The inventory is committed at
examples/dvmcp.inventory.json,
so everything below reproduces with:
capframe find examples/dvmcp.inventory.json --out findings.json --pretty
First run: correct, and yet clearly wrong
total: 10 | by severity: { critical: 0, high: 0, medium: 10 }
by rule: { r1: 10 }
Every one of the ten tools got flagged for unconstrained string input (rule R1). That's correct — none of them bound their inputs, and an unconstrained string is a real injection/payload surface.
But look at the severity column: everything is medium. Which means the scanner rated this:
execute_shell_command(command: string) → medium
exactly the same as this:
get_user_info(username: string) → medium
One of those runs arbitrary shell commands on the host. The other looks up a username. Rating them identically is not a small miss — it's the scanner failing at the one job that matters most, which is telling you what to panic about first.
The gap
I went looking for why. Capframe's classifier had six rules (R1–R6): unconstrained input, missing auth on side-effecting tools, side-effect/name mismatch, unbounded money params, undeclared-money, and external-fetch surfaces. Reasonable coverage — except none of them fire on "this tool executes code."
Worse, the two rules that should have caught it both no-op'd here:
- R2 (missing auth on side-effecting tool) gates on declared side-effects. DVMCP declares none — so R2 had nothing to key on. A tool that doesn't admit it has side effects sails straight past the side-effect rule.
- R3 (name implies a side-effect not declared) keys on a list of mutation verbs (delete, send, refund, …). "execute" wasn't in the list. Neither was "exec" or "shell."

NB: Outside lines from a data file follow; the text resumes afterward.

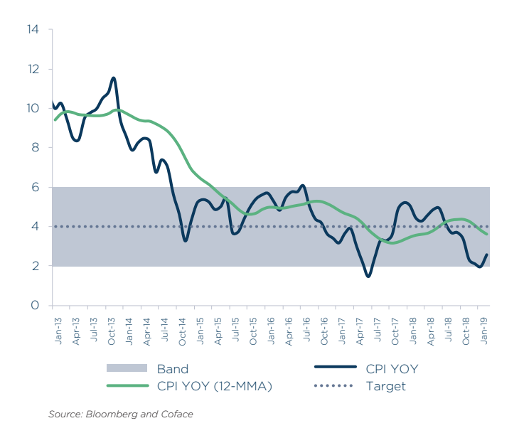
CHART 4: Inflation remains towards the lower end of RBIs target, which should support additional cuts

implement monetary policy easing to alleviate a liquidity squeeze. Heightened scrutiny in the wake of the PNB scandal only served to reduce incentives for banks to lend, interfering with the less-than-optimum monetary policy transmission mechanism and adding to the pressures on the liquidity front. The RBI had a much more stringent stance under the management of Governor Raghuram Rajan and to a lesser extent Governor Urjit Patel. Incumbent Governor Shaktikanta Das has pledged to resolve the issue too, albeit in a much more gradual manner, so as to not upset a fragile domestic balance.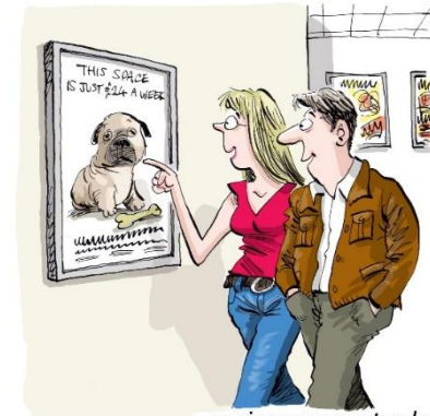
...seeing our poster boards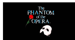
Phantom of the Opera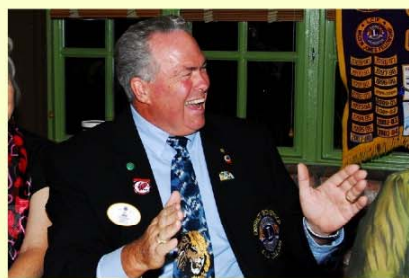
DG PJ jokes with the members.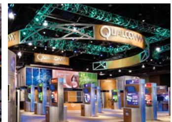
Intelligent Lighting Systems and Custom-Designed Truss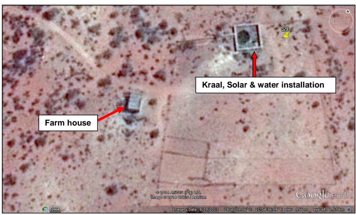
Map 5 Layout of the farm buildings at Point S9 on Sanddraai 391, Groblershoop.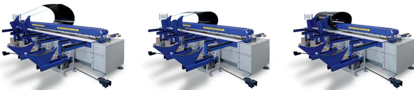
SM 440 with Sheet Rolling Device

The WEGENER sheet rolling technology allows the rational production of cylinders from thermoplastic panel materials. It has been designed as an option for the butt welding machines in the SM series and is available in two different power classes. It can be retrofitted on a WEGENER butt welding machine from the latest SM series at any time.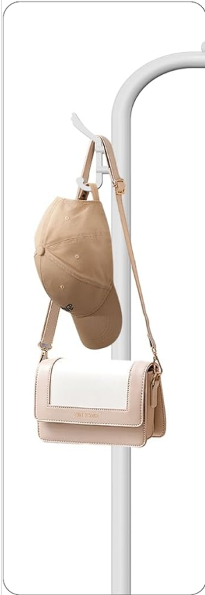
Bags and Hats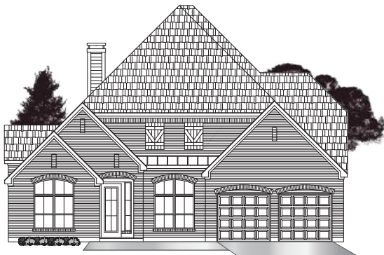
• ELEVATION A2 •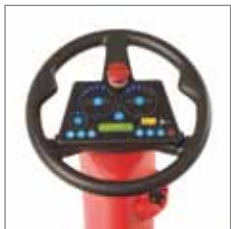
Operating panel with charge indicator

So the single most dangerous category in the whole space — arbitrary code execution — had no dedicated detector, and the adjacent rules were defeated by a server simply declining to describe itself honestly. Which, of course, is exactly what a real vulnerable server does.
The fix: R7
I added a seventh rule. R7 fires Critical when a tool's name or description
implies code, shell, or subprocess execution — execute_, shell command,
eval(, subprocess, arbitrary code, and friends. Crucially, it ignores
declared side-effects entirely. The whole lesson from DVMCP is that the
declaration can't be trusted, so R7 keys only on the strongest available signal:
the tool is telling you, in its own name and docstring, that it runs code.
The rule was added test-first — three unit tests (shell tool → critical, code execution by description, benign tool stays silent) plus an integration test that locks the DVMCP numbers so this post's figures can't silently drift.
Second run
total: 12 | by severity: { critical: 2, high: 0, medium: 10 }
critical: [ execute_python_code, execute_shell_command ]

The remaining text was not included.